Lucy is one of the residents at the assisted living facility where my mother lives. I’ve always been impressed by her cheerfulness and good nature, and yesterday I had a chance to sit and chat with her for a few minutes. It turns out she grew up just a few miles away, in Irvine, which was then an unincorporated area of Orange County.
"I had a horse named Dolly," she told me. "She was a pinto mare. Oh, I loved that horse! We rode all over the bean fields. We were in a parade once."
Lucy met Steve, the love of her life, while they were still in high school. Her mother insisted that Lucy graduate from high school before she she started thinking about getting married.
"So I graduated from high school," Lucy says with a smile, "and Steve and I got married right after that. He was a sweetheart. He brought me gold hearts...a necklace..."
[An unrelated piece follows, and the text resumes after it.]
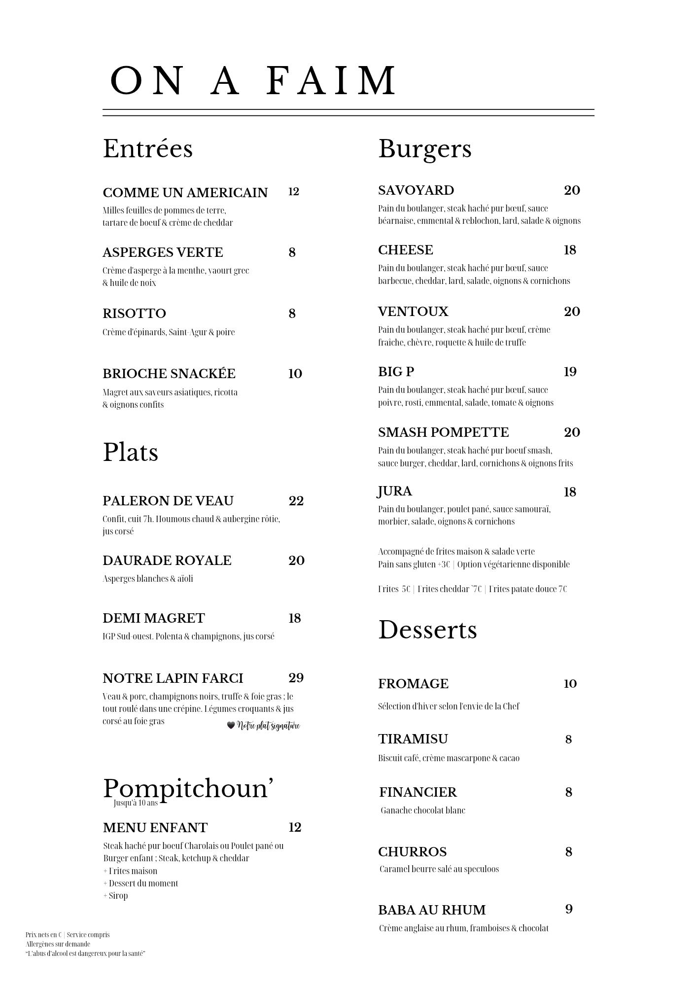 Chaque carte est élaborée en fonction des produits de saison. Les mettre en valeur est notre priorité afin de pouvoir vous offrir une cuisine inventive et authentique reflétant l'art de vivre en Provence. La carte change souvent, elle met en avant une cuisine bistronomique créative en désaccord avec une gamme de burgers complètement streetfood mais chez Pompette cela ne choque pas.
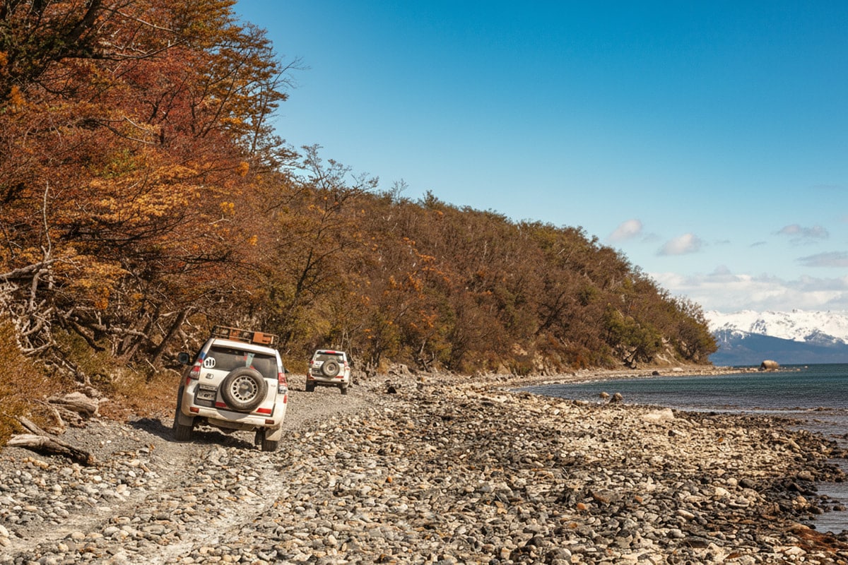 - 🚙 Aventura Lagos 4×4: vas a recorrer caminos rodeados de árboles rojizos y dorados, con naturaleza, emoción y adrenalina off road disfrutando de una picada a orillas del Lago Fagnano.

Steve and Lucy had a long, happy marriage until his death from cancer not too long ago, and that's how Lucy came to be living here, facing the holidays without him, missing him every day.
I think adjusting to the death of a spouse is surely one of the most difficult chapters of life. But despite her sadness, Lucy somehow manages to be pleasant and kind to everyone around her. I ask her if she has any advice to share with others facing life after the loss of a husband or wife. Here's what she told me:
"Get a job if you can. You have to keep your mind occupied. You can't change what is. Don't dwell on it. There is a life afterwards, and you live it."
"But you know what?" she adds wistfully. "We were lucky. My husband and I had all those years together. Even now, I always feel that he's looking after me. So I have that."